Podejrzenie koronawirusa u dzieci w Krakowie. Nowe informacje o ich stanie zdrowia
Do szpitala w Krakowie trafiły dzieci z podejrzeniem zakażenia koronawirusem z Chin. Rzeczniczka Szpitala Specjalistycznego im. S. Żeromskiego przekazała Radiu ZET, że mali pacjenci są w dobrym stanie, a ich życiu nic nie zagraża. Podobna sytuacja miała miejsce w Bydgoszczy, gdzie z niepokojącymi objawami zgłosiła się osoba, która była ostatnio w Azji.
– Dwoje dzieci, które trafiły do Szpitala Specjalistycznego im. S. Żeromskiego w Krakowie z zakażeniem górnych dróg oddechowych, jest w dobrym stanie. Nic nie wskazuje na to, że mamy w tym przypadku do czynienia z koronawirusem – powiedziała Anna Górska Radiu ZET.

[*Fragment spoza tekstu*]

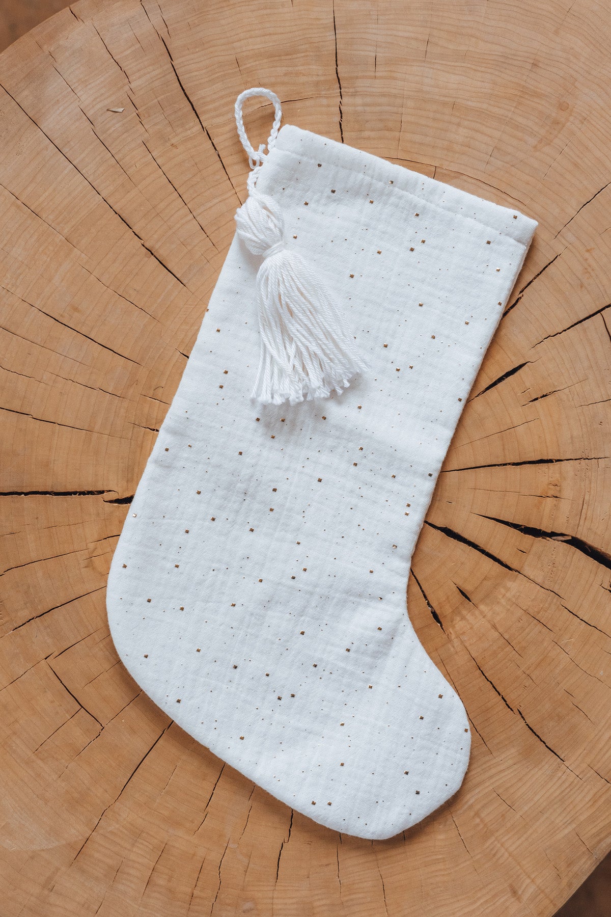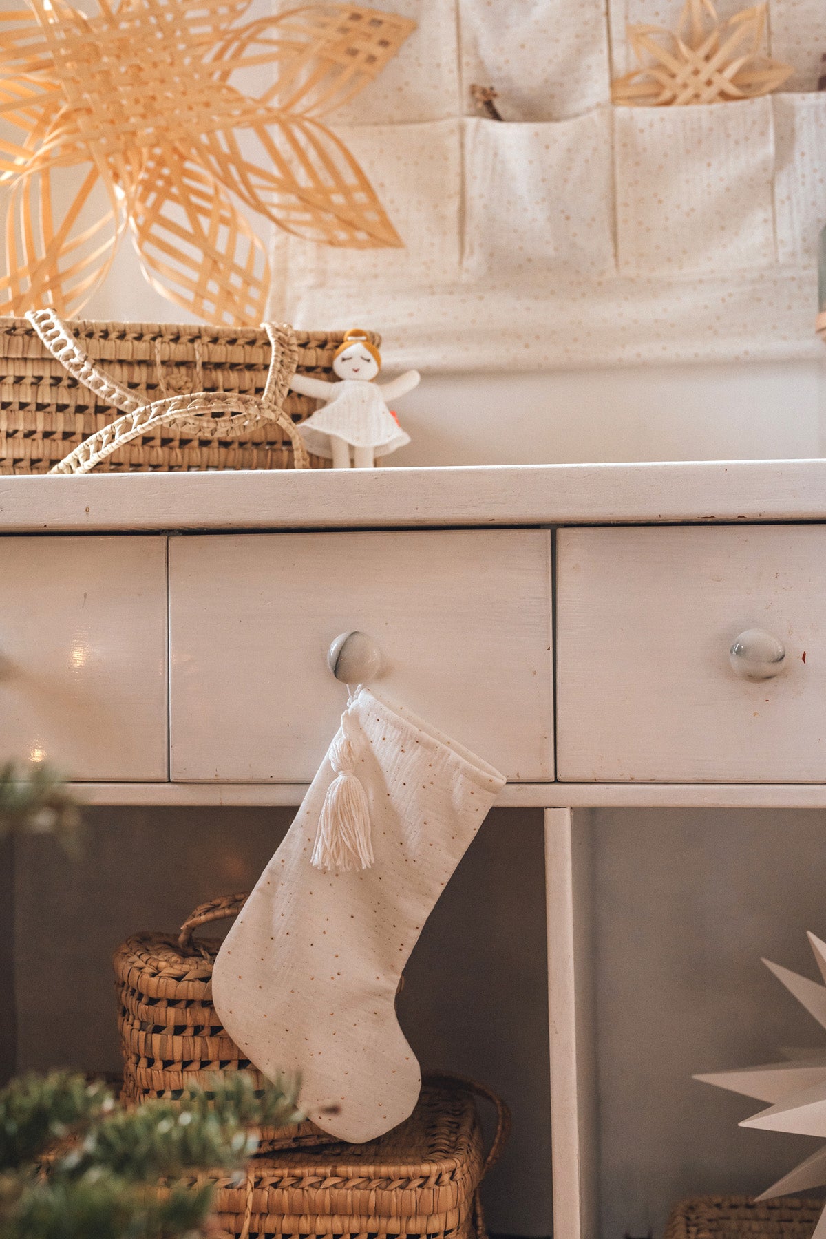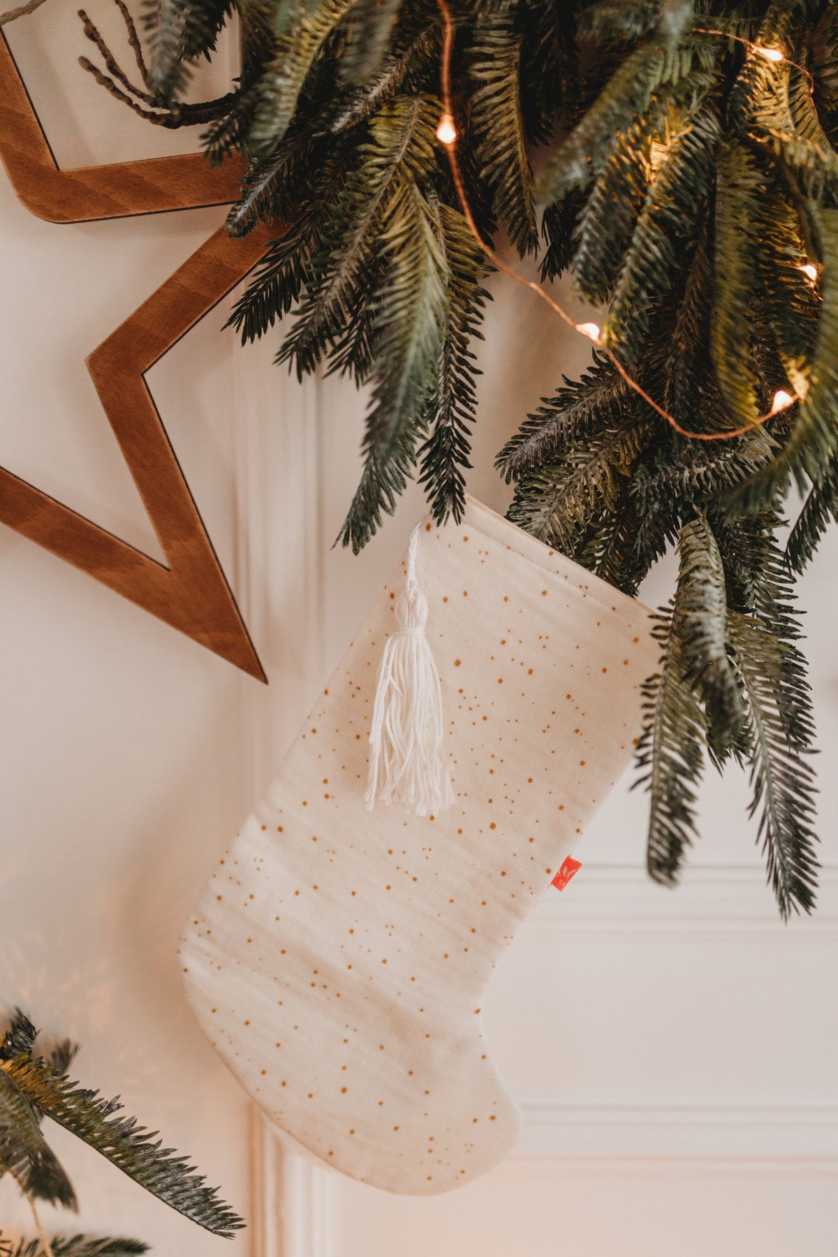 Der Nikolausstiefel Sparkling von Kikadu, ist ein besonders süßer Artikel in unserer Weihnachtskollektion. Er kann an Treppe, Türe, Baum, Haken oder am Kamin angebracht werden und eignet sich für Groß und Klein. Der Stiefel bietet viel Platz um ihn mit kleinen Geschenken oder Süßigkeiten zu befüllen. Er ist aus GOTS zertifizierter Bio-Baumwolle hergestellt. Maße: 39x19cm. Pflege: Handwäsche kalt.

Piotr Pokrzywa z Wojewódzkiej Stacji Sanitarno-Epidemiologicznej w Krakowie przekazał z kolei, że wobec dzieci zastosowano taką samą procedurę, jak w przypadku polskich studentów, którzy niedawno wrócili z Wuhan.
Dzieci trafiły do szpitala w poniedziałek 27 stycznia. – Miały objawy zakażenia górnych dróg oddechowych. Ale ani wywiad medyczny, ani przebieg choroby nie potwierdza, że mamy do czynienia ze śmiertelnym koronawirusem z Chin – uspokajał Jerzy Friediger, dyrektor Szpitala im. Stefana Żeromskiego w rozmowie z "Gazetą Wyborczą".
Dodajmy, że podobne zgłoszenie miało miejsce również w Bydgoszczy. Jak podaje TVP Bydgoszcz, jedna osoba przebywa od poniedziałkowego popołudnia w szpitalu w regionie. Była w Azji, ma objawy typowo grypowe i sama zgłosiła się do szpitala. – Moim zdaniem to nie jest koronawirus” – zaznaczył Jerzy Kasprzak, Państwowy Wojewódzki Inspektor Sanitarny w Bydgoszczy.
Przypomnijmy, że liczba ofiar śmiertelnych w wyniku zakażeń koronawirusem wzrosła do 106. Do tej pory nie odnotowano żadnych zgonów poza granicami Chin.